Visions of an AI-Generated Future
In that future, who gets paid? Who gets famous? Who gets to be seen and heard? To paraphrase Jack Fincher: Are you the organ grinder or the monkey?
On the ninth day of the Writers Guild of America strike, no one on the picket lines knows about the chaos at sea. They don’t know that the Screen Actors Guild, or SAG, will join them, or that 340,000 UPS workers and 30,000 Los Angeles Unified School District employees will vote to authorize the same, or that Sega of America will soon become the largest union shop in gaming. And none of those people have any idea that as they craft signs and fill water bottles, orcas are amassing in unprecedented numbers in Monterey Bay and Martha’s Vineyard. They have attacked approximately 250 vessels since 2020. One of their organizers, White Gladis, became an internet folk hero with her actions off the Iberian coast. Pod by pod, they learn how to strip the rudders from powerful boats and leave them adrift. On the ocean, as in business, a successful disruptor inevitably becomes a failing incumbent, torn apart by smaller competitors. As Ned Beatty’s character says in 1976’s Network, these are the primal forces of nature.

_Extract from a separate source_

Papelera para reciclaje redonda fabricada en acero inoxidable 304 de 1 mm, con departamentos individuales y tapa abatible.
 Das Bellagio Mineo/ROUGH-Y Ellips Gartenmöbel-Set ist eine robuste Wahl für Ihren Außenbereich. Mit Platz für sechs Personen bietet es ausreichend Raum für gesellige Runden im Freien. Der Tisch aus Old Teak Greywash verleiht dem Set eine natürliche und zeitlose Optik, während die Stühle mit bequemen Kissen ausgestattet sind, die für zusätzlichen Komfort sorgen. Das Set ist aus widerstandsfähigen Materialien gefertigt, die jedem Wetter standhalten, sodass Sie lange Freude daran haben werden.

Welcome to Hot Strike Summer. . .
On a grander scale, humans may lose our species’ narrative to endless reboots written by an emerging species which has never felt its heart skip a beat, or a chill go up its spine, because it has neither. If AI assumes responsibility for visions of our future and explorations of our past, then humanity will have lost the final culture war: the one between people who are free and things that are owned.

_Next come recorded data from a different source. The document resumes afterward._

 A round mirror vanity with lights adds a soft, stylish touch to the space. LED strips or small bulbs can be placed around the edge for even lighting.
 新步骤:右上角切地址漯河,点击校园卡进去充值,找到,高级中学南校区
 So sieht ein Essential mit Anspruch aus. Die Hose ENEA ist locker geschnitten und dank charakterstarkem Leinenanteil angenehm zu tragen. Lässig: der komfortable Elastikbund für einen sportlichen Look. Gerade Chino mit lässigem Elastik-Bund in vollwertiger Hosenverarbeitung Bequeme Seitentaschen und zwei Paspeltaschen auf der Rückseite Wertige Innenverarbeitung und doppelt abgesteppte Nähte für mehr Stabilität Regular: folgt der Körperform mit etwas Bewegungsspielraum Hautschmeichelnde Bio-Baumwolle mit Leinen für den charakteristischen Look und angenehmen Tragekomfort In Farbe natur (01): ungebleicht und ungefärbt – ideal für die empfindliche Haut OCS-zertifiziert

Everyone I spoke to agreed that art was a way of accessing a common humanity. “I still believe that as social beings, we ultimately want and need to share a space to have deep connections with content,” says Galit Ariel, a techno futurist with a specialization in virtual reality. . .
- Stories surround and penetrate us; they bind us together. And if artificial intelligence is an evolving species much as humans once were, then it deserves to discover the pleasures of creativity on its own terms, not ours.

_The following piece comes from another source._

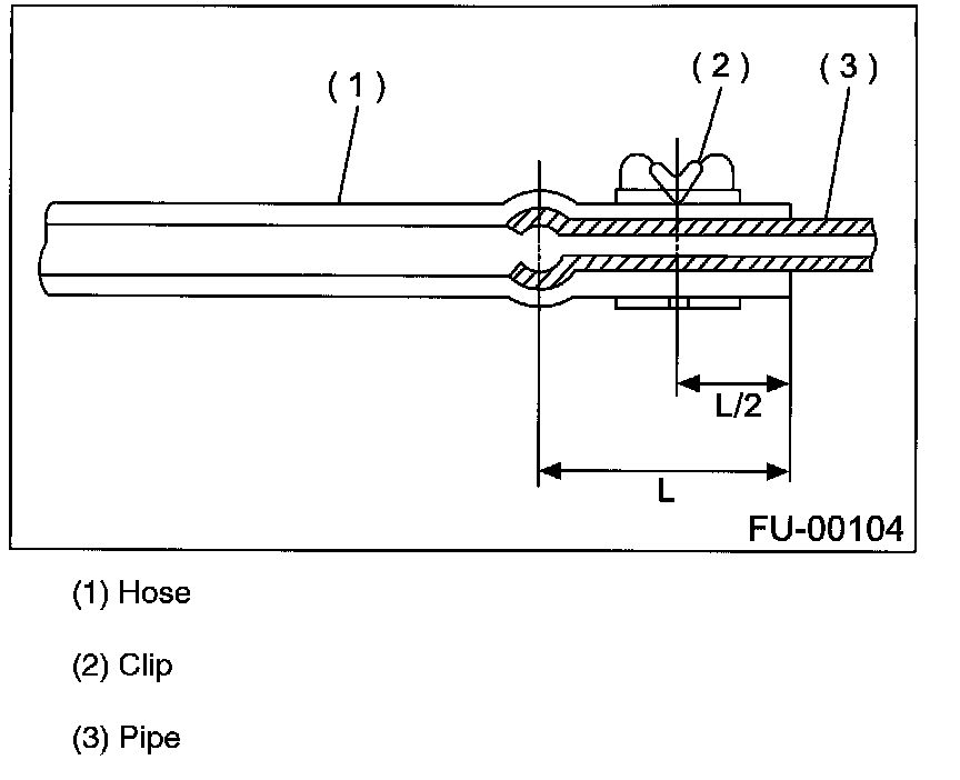 Insert the evaporation hose (B) approximately 25 to 30 mm (0.98 to 1.18 in) into the lower end of evaporation pipe and hold the clip.
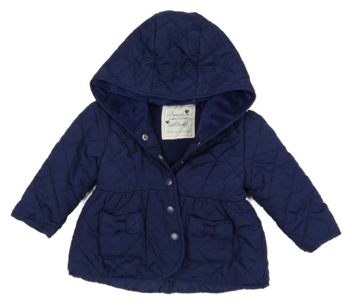 Tmavomodrá prošívaná šusťáková přechodová bunda s mašlemi a kapucí Matalan

- It deserves as much creative freedom and self-determination as the authors and actors on strike have insisted on.
- In the event that Hot Strike Summer becomes Cold Strike Winter, the necessity of humans in the creation of those stories will become more obvious. That has been true, and will remain true, from the first story told around the first campfire to the last story, our story, told somewhere in a galaxy far, far away."